Only three previous studies have attempted to apply AI to IRDs but in significantly smaller datasets (N<400). Fujinami et al (2019) and Shah et al (2020) trained a classifier on SD-OCT and obtained an internal test AUC>90% for four classes (ABCA4, RP1L1, EYS and normal) (N=75) ¹³ and for two classes (Stargardt and normal) (N=93) ¹⁴, respectively. A more recent publication also obtained an AUC>90% for three broad IRD phenotypes (retinitis pigmentosa, Best disease and Stargardt disease) from FAF images in a small sample (N=389) ¹⁵ . By comparison, Eye2Gene, due to the benefit of having been trained on the world's largest dataset of IRD patients (N=1,907), has potential for much broader clinical utility, as is the first, to support as many as 36 gene diagnoses, multiple imaging modalities, and to have conducted external validation.

The top-1 accuracy of 66.7% of Eye2Gene should be put into the context of the challenging problem of identifying the causative variant from a selection of 36 different possible candidate genes, based on retinal scans alone. This is a task that typically requires years of training for clinicians to perform. Eye2Gene correctly identifies the correct gene on the first try for two thirds of patients, and within the top five guesses (likely to be a reasonable number of possibilities for a clinician to eliminate) for 85% of patients. While this is made easier by the skewed nature of the gene distribution (and hence favors performing well on the more common genes), we note that the naive baseline of always selecting the most common gene (i.e. ABCA4) achieves an accuracy of only 30.3%.

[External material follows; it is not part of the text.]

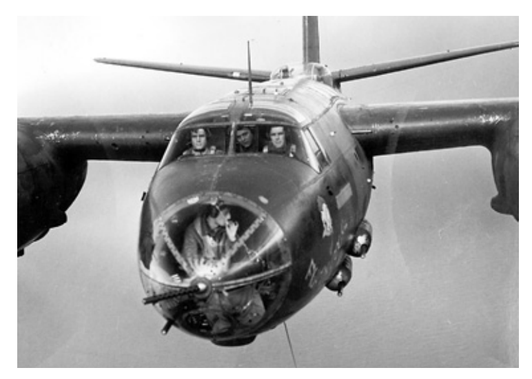
The Marauder was a bomber of radical new design.

Additionally, given our human benchmark, we have shown that Eye2Gene is at least as good, and often significantly better, than IRD experts at this specific task. Although this task is a long way from capturing the full scope of standard clinical practice, since clinical decisions are seldom (if ever) based on imaging alone, it demonstrates the strength of Eye2Gene at assessing retinal scans and its potential in assisting even expert ophthalmologists.

Despite these promising results, we recognize that there remain a number of important limitations of Eye2Gene. These include performance linked to attributes of the training data such as gene class prevalence (Supplementary Figure 5), imbalanced patient distribution (Supplementary Figure 6), under-represented ethnicities (Supplementary Table 2), variation in image quality (Supplementary Figure 7), limitation on type of supported scan (currently restricted to Heidelberg Spectralis), as well as limitations linked to scope of clinical application (limited to 36 gene classes), and cannot be used for screening presence/absence of IRDs. Another well-known and important limitation of deep-learning classification networks is that their interpretability remains challenging and that approaches such as saliency maps are not, as of now, sufficiently reliable for medical decisions ^16,17. This was confirmed by our own findings (Supplementary Figure 8). Hence Eye2Gene remains in active development to address and alleviate these limitations.

Although Eye2Gene is the first AI system to demonstrate significant potential for clinical utility in the challenging area of IRDs, Eye2Gene predictions will not replace the need for genetic testing or counseling at specialized IRD centers, especially when a treatment such as a gene therapy is to be administered based on a genetic diagnosis. Therefore, currently, the main clinical application of Eye2Gene is in accelerating the time to diagnosis since it can point to a specific gene to be investigated.

It is anticipated Eye2Gene could aid the vast majority of ophthalmologists and other vision healthcare workers who are not specialized in rare IRDs, to indicate when molecular testing would be worthy of consideration. Eye2Gene gene predictions can also be used for scoring and therefore prioritizing genetic variants where the gene matches the phenotype ¹⁸. In disorders with a highly distinct phenotype, the matching phenotype PP4 criterion in the ACMG guidelines provides a higher level of evidence in variant classification ¹⁹ ²⁰, which might be crucial for the transition from a variant of unknown significance to a likely pathogenic variant ²¹. This approach has been shown to improve diagnostic yield for other highly heterogeneous disorders such as syndromic intellectual disability ²².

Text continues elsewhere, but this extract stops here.